Soon, I was finding and utilizing chokecherry, elderberry, red sumac, raspberries, both red and black, chicory, dandelion, day lilies, ground cherries, wild onion, wild grapes, and, most flavorful of all, wild strawberries.  In retrospect, I realize I bypassed plants.  One of my daughters once said, “If I have children, I shall send them to you so they can eat things like day lily buds, which you say taste much like green beans when steamed, buttered, and salt-and-peppered.”  The local forest preserve provided us with black walnuts and hickory nuts and, when springs freshened, watercress for a short time.  Our property was planted with many fruit trees:  apple, apricot, peach, pear, plum, crabapple; there were also five long rows of Concord grapes.  We were blessed.
 
In New Mexico, I am finally learning to forage for wild foods, having in Spring been taken on a hunt for chimija and just recently being given a large haul of wild spinach—aka, lamb’s quarters and pigweed—so I could cook delicious quelites.  A friend promises me he will soon help me find sorrel along the Abiquiu roadsides.  This summer, I shall dig up chicory root and roast it to add to coffee.  Right now, I am expecting a windfall of verdolaga, most of which shall be cooked in the local style with bacon and onions.  Some of it will definitely go into the Bode family recipe for verdolaga salad.  I hope our readers will try this salad.  If so, please let me know.

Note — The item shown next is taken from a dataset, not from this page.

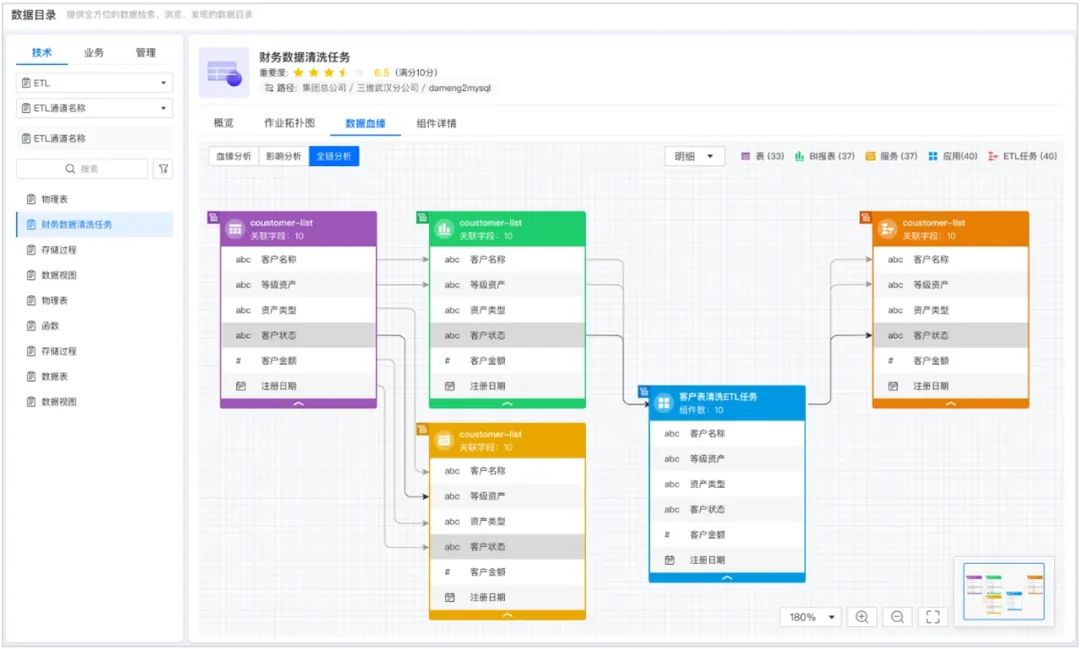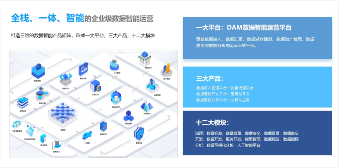 2023年10月26日,2023三維天地數(shù)據(jù)資產(chǎn)高峰論壇在北京成功舉辦。期間全新一代的數(shù)據(jù)資產(chǎn)管理平臺(DAM)v13正式與廣大用戶見面。 全新版DAM V13是基于客戶需求變化而進(jìn)行的一次功能迭代。平臺吸收了100+項目實施過程中用戶提出的重要需求,進(jìn)行統(tǒng)一歸納分析提煉,作為階段性需求進(jìn)行新功能開發(fā),新版本將更貼合項目實際使用場景,在工具化,自動化、智能化的方向走出堅實的一步,以更好地表達(dá)三維天地的產(chǎn)品對于企業(yè)數(shù)字化轉(zhuǎn)型的支撐價值。 產(chǎn)品新增了數(shù)據(jù)指標(biāo)、數(shù)據(jù)建模、數(shù)據(jù)標(biāo)簽、人工智能四大模塊,強化數(shù)據(jù)治理、提升用戶洞察力,加速數(shù)據(jù)價值快速轉(zhuǎn)化的工具支撐;持續(xù)以主動元數(shù)據(jù)為核心,結(jié)合機器學(xué)習(xí)、深度學(xué)習(xí)、自然語言處理技術(shù),對多模塊功能細(xì)節(jié)進(jìn)行匠心打磨,完善功能閉環(huán),功能點迭代數(shù)量80+,充分提升了智能化水平與數(shù)據(jù)管理效率。 在上一版本的基礎(chǔ)上,DAM V13平臺底座更夯實、數(shù)據(jù)治理更高效、數(shù)據(jù)開發(fā)更便捷、數(shù)據(jù)運營更智能,且擁有更標(biāo)準(zhǔn)及更為閉環(huán)的數(shù)據(jù)治理與智能數(shù)據(jù)分析解決方案。平臺具備搜索問答式數(shù)據(jù)分析系統(tǒng),問答式交互,搜索式體驗,將變革數(shù)據(jù)分析流程全場景的數(shù)據(jù)整合,讓數(shù)據(jù)“慧”說話;全鏈路協(xié)同的數(shù)據(jù)開發(fā)讓工具回歸為人服務(wù)的本質(zhì),全方位地提升一線數(shù)據(jù)開發(fā)人員/業(yè)務(wù)人員的工作效率。 DAM數(shù)據(jù)資產(chǎn)管理平臺是全棧、一體、智能的企業(yè)級數(shù)據(jù)智能運營平臺,形成了一大平臺、三大產(chǎn)品、十二大模塊的完整產(chǎn)品矩陣。主要包括治理、開發(fā)、分析三大產(chǎn)品,涵蓋數(shù)據(jù)目錄、數(shù)據(jù)標(biāo)準(zhǔn)、數(shù)據(jù)質(zhì)量、數(shù)據(jù)安全、數(shù)據(jù)開發(fā)、主數(shù)據(jù)建模、數(shù)據(jù)建模、指標(biāo)建模、標(biāo)簽建模、AI人工智能、BI商業(yè)智能、數(shù)據(jù)超市能等12大模塊,支持從數(shù)據(jù)治理到數(shù)據(jù)開發(fā)到數(shù)據(jù)分析的全鏈路的數(shù)據(jù)資產(chǎn)管理能力。 特性一:增強式數(shù)據(jù)目錄 傳統(tǒng)的數(shù)據(jù)資產(chǎn)目錄主要集中在結(jié)構(gòu)化數(shù)據(jù)庫表管理。而三維天地的數(shù)據(jù)目錄在此基礎(chǔ)上擴展了BI看板、ETL作業(yè)、主數(shù)據(jù)模型等類型,可以展示更多樣的數(shù)據(jù)對象,更細(xì)節(jié)的血緣關(guān)系,更及時的數(shù)據(jù)特征。 特性二:數(shù)據(jù)質(zhì)量的閉環(huán) 在以往項目實踐中,客戶不愁發(fā)現(xiàn)問題,而是更注重如何將發(fā)現(xiàn)的問題得以解決、將有問題的數(shù)據(jù)整改到位。因此平臺支持?jǐn)?shù)據(jù)質(zhì)量的事前、事中、事后的閉環(huán)管理,即事前需求和規(guī)則定義、事中質(zhì)量監(jiān)控以及事后量化分析和問題追溯。 特性三:治理到自助式敏捷應(yīng)用的閉環(huán) 平臺具備從數(shù)據(jù)治理到自助式敏捷應(yīng)用的閉環(huán)一體化管理。在資產(chǎn)平臺中,數(shù)據(jù)治理結(jié)束后,平臺具備商業(yè)智能、人工智能、指標(biāo)管理、標(biāo)簽畫像以及智能應(yīng)用等各模塊,以滿足用戶的個性化應(yīng)用的構(gòu)建。當(dāng)已有的應(yīng)用無法滿足訴求時,業(yè)務(wù)人員也可通過數(shù)據(jù)超市自助獲取數(shù)據(jù)、自助分析數(shù)據(jù)。實現(xiàn)治理到分析的全流程閉環(huán)應(yīng)用。 特性四:基于知識圖譜的增強數(shù)據(jù)治理 平臺結(jié)合AI、知識圖譜,有效提高了數(shù)據(jù)治理的效率,如業(yè)務(wù)域自動分類、數(shù)據(jù)標(biāo)準(zhǔn)自動生成、數(shù)據(jù)資產(chǎn)推薦、智能血緣推薦等,智能化的功能貫穿數(shù)據(jù)資產(chǎn)平臺的方方面面。 特性五:數(shù)據(jù)資產(chǎn)合理評估及入表 在數(shù)據(jù)資產(chǎn)入表的大背景下,產(chǎn)品適時推出自研的數(shù)據(jù)資產(chǎn)評估模型,通過對數(shù)據(jù)資產(chǎn)的成本因素、場景因素、市場因素和質(zhì)量因素等方面進(jìn)行多維分析評估,為數(shù)據(jù)資產(chǎn)合理定價及市場流通奠定基礎(chǔ)。 特性六:數(shù)據(jù)開發(fā)和治理一體化 企業(yè)在以往數(shù)據(jù)中臺的建設(shè)效果不顯著。全新平臺將數(shù)據(jù)治理的流程與數(shù)據(jù)開發(fā)的全生命周期深度融合,通過數(shù)據(jù)開發(fā)一體化,在數(shù)據(jù)標(biāo)準(zhǔn)驅(qū)動模型構(gòu)建基礎(chǔ)上,有序高質(zhì)量地進(jìn)行數(shù)據(jù)生產(chǎn),在數(shù)據(jù)開發(fā)過程中,完成數(shù)據(jù)治理。實現(xiàn)“標(biāo)準(zhǔn)即設(shè)計,設(shè)計即開發(fā),開發(fā)即治理”的開發(fā)治理一體化理念。 特性七:高效、輕量化的指標(biāo)建模 過去指標(biāo)的建設(shè),依賴開發(fā)人員手工編寫sql,業(yè)務(wù)人員用BI畫報表,不同人員對于業(yè)務(wù)指標(biāo)存在不同的理解,產(chǎn)生的結(jié)果各異,既不便于統(t

PictureTillie and Martin Bode
Verdolaga Salad

This unusual salad is a favorite of the family of Martin Bode, prominent Abiquiu merchant.  Verdolaga (purslane in English) is a succulent that appears in Northern New Mexico gardens starting in June.  Now usually considered a weed, this nutritious plant was once cultivated in American gardens for culinary and medicinal use.  Verdolaga is a rich source of Vitamins A and C and also of riboflavin and especially of iron.  This is Tillie (Mrs. Martin) Bode’s recipe.

Picture
Verdolaga
​1 large onion, diced
salt/pepper
white vinegar
​Place diced onion in the bottom of a large bowl.
Salt/pepper onion to taste, stirring well.

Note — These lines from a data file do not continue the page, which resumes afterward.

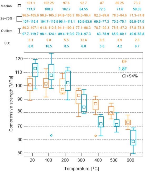 In the ready-mix concrete industry, many composites can be found that meet the first criterion. Thanks to the use of special additives in their production, these composites can operate reliably at temperatures reaching up to 1500 °C. A common feature of these materials, however, is the necessity of gradually introducing them to high-temperature conditions. During the successive stages of these processes, transformations occurring within the composites, lasting up to 160 h, ensure their safe operation thereafter [,,]. Although the temperatures affecting composites during emergency fires are lower, their rapid increases make it still difficult to design cementitious composites that would be completely resistant to such impacts.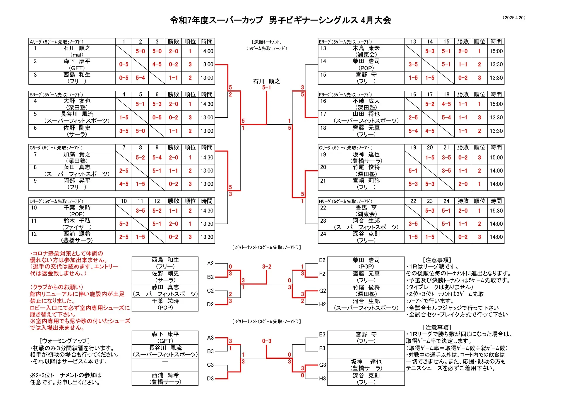 【試合結果】4/20(日)男子ビギナーシングルス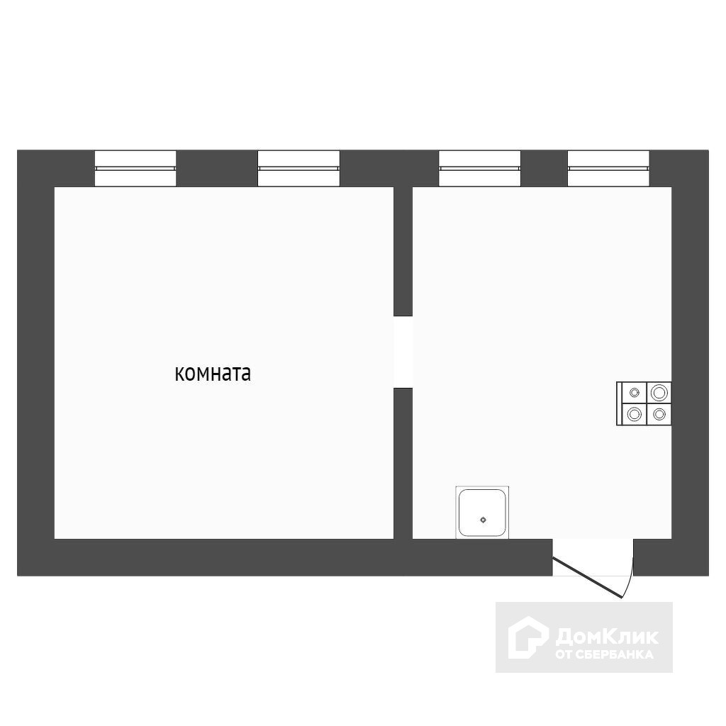 Общая площадь 33.5 м2

Sprinkle seasoned onion with vinegar, stirring again.
1 can oil-packed sardines
​Empty contents of can, including oil, onto the onion, mashing vigorously to combine sardines with onion.
several handfuls of
verdolaga
Prepare verdolaga by cutting off roots and coarse stems.  Soak verdolaga in a generous quantity of water; rinse off sandy grit; repeat as necessary.  Dry on paper toweling.

​
Chop verdolaga and add it to onion-and-sardine mixture, tossing salad thoroughly.
​option:
1 teaspoon Dijon mustard
juice of 1 lemon
​While Tillie Bode’s recipe does not include mustard and lemon juice, their addition enhances this peppy and very healthy salad.